Large firm supposedly “restricts” output in order to profit more from a smaller number of units than a larger number, even though the second 100 units are independently profitable and should be produced. It allegedly takes into account the marginal revenue attaching to the extra units, rather than their price. The marginal revenue is the change in total revenue that accompanies a change in quantity sold. Marginal revenue takes into account the drop in price on the quantity that is already being sold. In degree that a firm is large, it will supposedly restrict production, because of its concern with the effect on the price of what it already is selling.

2. Fact: unless it has legal protection from outside competition, the firm's real choice is not between 100 at $15 or 200 at $9, but between 100 at $9 or 200 at $9. So long as the second 100 units are profitable in their own right, they will be produced. The only question is whether they will be produced by the firm that is already producing the 100 or by another firm. In the latter case, the first firm ends up selling at $9, but only 100 units instead of 200 units.

Note:

a.
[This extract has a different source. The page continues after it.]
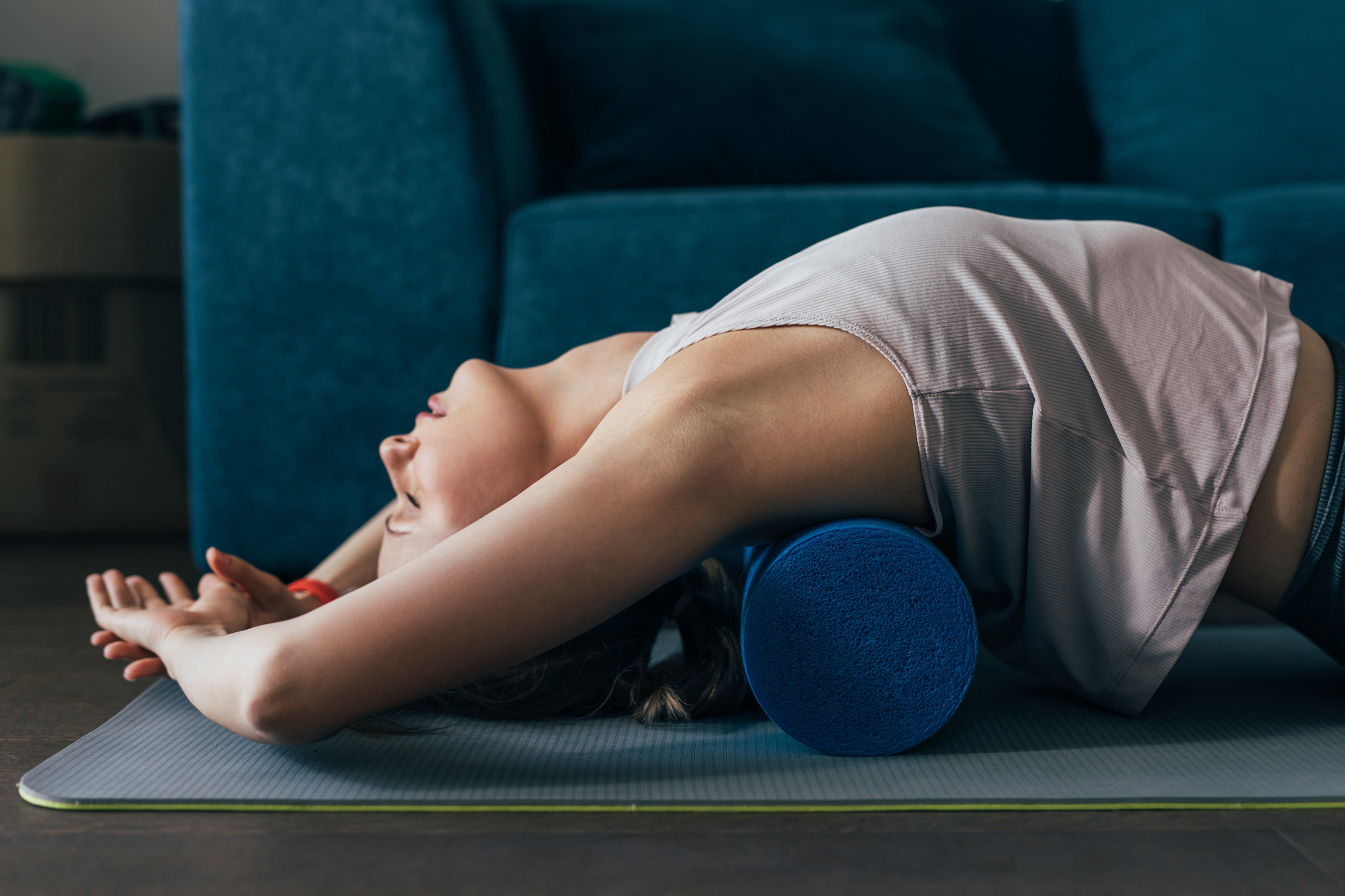 В какой-то момент мы наткнулись на информацию о позах для вытяжения позвоночника. Идея показалась нам интересной, и мы решили попробовать. Сначала мы пытались делать упражнения без вспомогательных средств, но это оказалось не очень удобно и эффективно. Тогда мы решили использовать валик.

No firm subject to the competition or potential competition of others can view the industry demand curve as its own. It cannot lastingly get a price higher than outsiders' costs plus an allowance for the going rate of return, as a maximum. No matter what the elasticity of the industry demand curve, the long-run demand curve to it specifically is highly elastic at any price above outsiders' costs plus an allowance for the going rate of return.

b. In the case of a new industry, founded by one firm, it might be that it will decide that it does better by getting the higher price as long as it can, and waiting for competition to reduce the price. If so, this is a further reason why there is no tendency toward the formation of a single giant firm.

c. Paradoxically, although the marginal revenue argument is directed against “big business,” the actual meaning of the argument is a denunciation of big business for refusing to become still bigger. If the firm goes ahead and produces the 200 units, the marginal revenue argument will not apply. Then, however, it will be denounced for being a monopoly. If it doesn't produce the 200 units, and thereby creates the opportunity for another firm to produce some of them, it is denounced for restricting production.

XXVI. The Cartel Doctrine

1. With few exceptions (where there are very few physical sources of supply, such as is the case with diamonds), the only time cartels pay is when they serve merely to reduce the extent of losses, i.e., raise price from a point of more severe losses to a point of less severe losses or modest profits. This is because, in addition to the problem of deciding which producers must curtail production how much, which is difficult enough in itself, profitable cartels have two further problems, which tend to make their success impossible:

a. The problem of controlling the investment of the profits. If the firms are profitable and want to reinvest their profits, the industry will expand and the cartel price will crash.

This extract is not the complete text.